7 files changed, 58 insertions, 23 deletions

diff --git a/src/bash_completion/firejail.bash_completion b/src/bash_completion/firejail.bash_completion
index 78bd622fc..d3dcd57d0 100644
--- a/src/bash_completion/firejail.bash_completion
+++ b/src/bash_completion/firejail.bash_completion
@@ -47,6 +47,10 @@ _firejail()
             _filedir
             return 0
             ;;
+       --read-write)
+            _filedir
+            return 0
+            ;;
         --bind)
             _filedir
             return 0
diff --git a/src/firejail/firejail.h b/src/firejail/firejail.h
index 8856986e6..29bb6c494 100644
--- a/src/firejail/firejail.h
+++ b/src/firejail/firejail.h
@@ -584,10 +584,6 @@ extern char *xephyr_screen;
 extern char *xephyr_extra_params;
 int checkcfg(int val);
 
-// fs_rdwr.c
-void fs_rdwr_add(const char *path);
-void fs_rdwr(void);
-
 // appimage.c
 void appimage_set(const char *appimage_path);
 void appimage_clear(void);
diff --git a/src/firejail/fs.c b/src/firejail/fs.c
index d426636d8..630458549 100644
--- a/src/firejail/fs.c
+++ b/src/firejail/fs.c
@@ -27,6 +27,8 @@
 #include <fcntl.h>
 #include <errno.h>
 
+static void fs_rdwr(const char *dir);
+
 static void create_empty_dir(void) {
         struct stat s;
         
@@ -229,6 +231,7 @@ typedef enum {
         MOUNT_READONLY,
         MOUNT_TMPFS,
         MOUNT_NOEXEC,
+        MOUNT_RDWR,
         OPERATION_MAX
 } OPERATION;
 
@@ -331,6 +334,12 @@ static void disable_file(OPERATION op, const char *filename) {
                 fs_rdonly(fname);
 // todo: last_disable = SUCCESSFUL;
         }
+        else if (op == MOUNT_RDWR) {
+                if (arg_debug)
+                        printf("Mounting read-only %s\n", fname);
+                fs_rdwr(fname);
+// todo: last_disable = SUCCESSFUL;
+        }
         else if (op == MOUNT_NOEXEC) {
                 if (arg_debug)
                         printf("Mounting noexec %s\n", fname);
@@ -492,6 +501,10 @@ void fs_blacklist(void) {
                         ptr = entry->data + 10;
                         op = MOUNT_READONLY;
                 }                       
+                else if (strncmp(entry->data, "read-write ", 11) == 0) {
+                        ptr = entry->data + 11;
+                        op = MOUNT_RDWR;
+                }                       
                 else if (strncmp(entry->data, "noexec ", 7) == 0) {
                         ptr = entry->data + 7;
                         op = MOUNT_NOEXEC;
@@ -560,6 +573,29 @@ void fs_rdonly(const char *dir) {
         }
 }
 
+static void fs_rdwr(const char *dir) {
+        assert(dir);
+        // check directory exists
+        struct stat s;
+        int rv = stat(dir, &s);
+        if (rv == 0) {
+                // if the file is outside /home directory, allow only root user
+                uid_t u = getuid();
+                if (u != 0 && s.st_uid != u) {
+                        fprintf(stderr, "Warning: you are not allowed to change %s to read-write\n", dir);
+                        return;
+                }
+                
+                // mount --bind /bin /bin
+                if (mount(dir, dir, NULL, MS_BIND|MS_REC, NULL) < 0)

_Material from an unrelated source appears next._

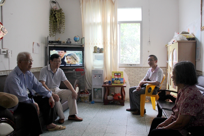 在离休干部覃雄家,韦书记向老人送上了慰问金和慰问品,并亲切地与老人及其家人攀谈,询问老人的生活起居、身体状况和家庭情况,认真听取了老人对学院工作的意见和建议。韦书记动情的对老人说,没有你们的长期奋斗和不懈努力,就没有学院今天各项事业蓬勃发展的大好局面,学院全体师生永远不会忘记你们的功绩。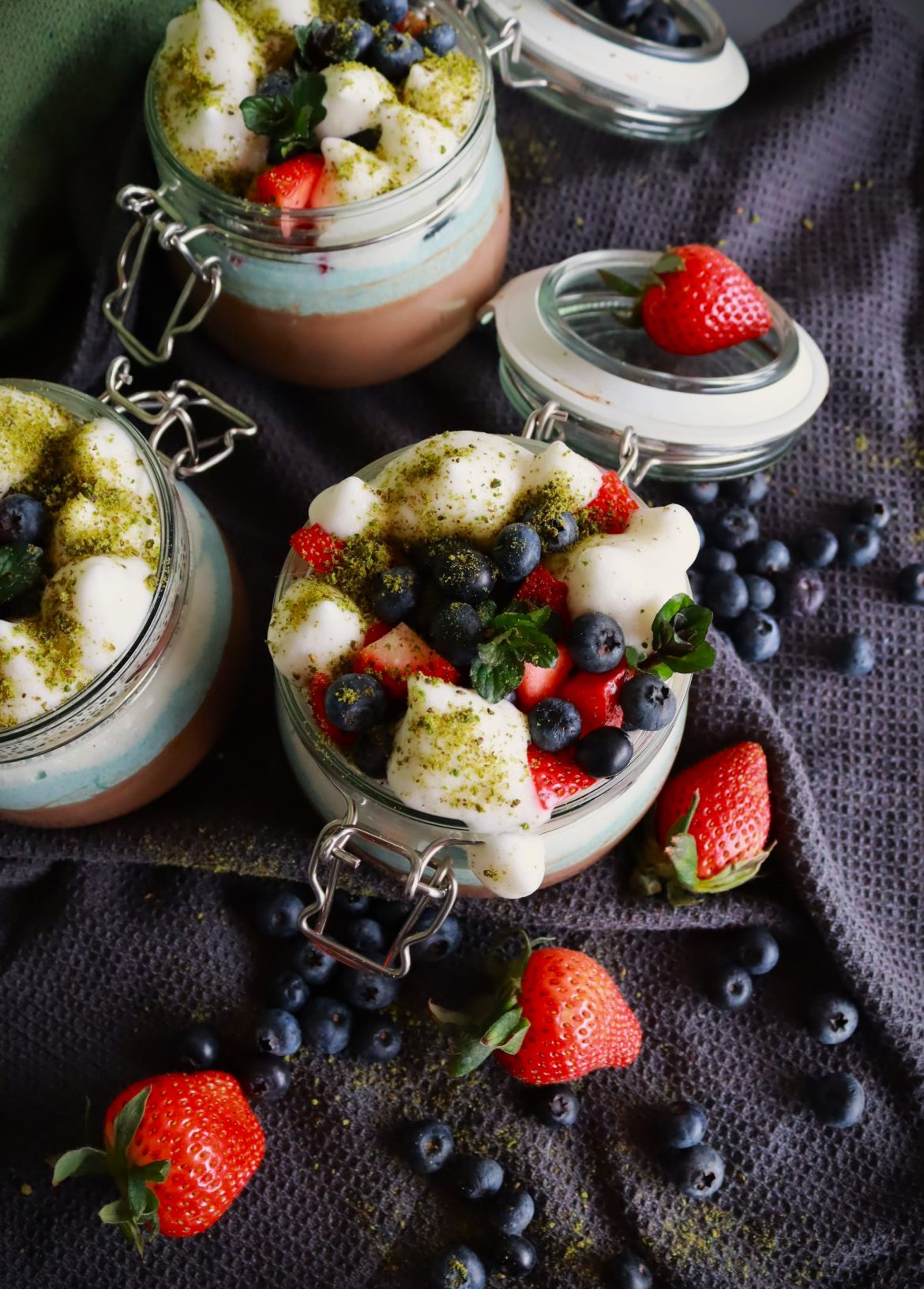 За мен това е идеалната закуска. Защо ли? Свежа е заради пресните плодове в нея. Сладка е от бананите в крема. Има лек горчив привкус от натуралното какаото. Лека е заради аквафабата, която придава една „облачност“. Кремообразна е заради млякото. Засищаща е благодарение на блока овесени ядки. В същото време е чудесен източник на витамини, минерали и фибри. А добавката от инулин превръща тези плодови кремчета и в източник на пребиотик.

+                        errExit("mount read-write");
+                // mount --bind -o remount,rw /bin
+                if (mount(NULL, dir, NULL, MS_BIND|MS_REMOUNT|MS_REC, NULL) < 0)
+                        errExit("mount read-write");
+                fs_logger2("read-write", dir);
+        }
+}
+
 void fs_noexec(const char *dir) {
         assert(dir);
         // check directory exists
@@ -757,9 +793,6 @@ void fs_basic_fs(void) {
         // firejail sandboxes (firejail --force)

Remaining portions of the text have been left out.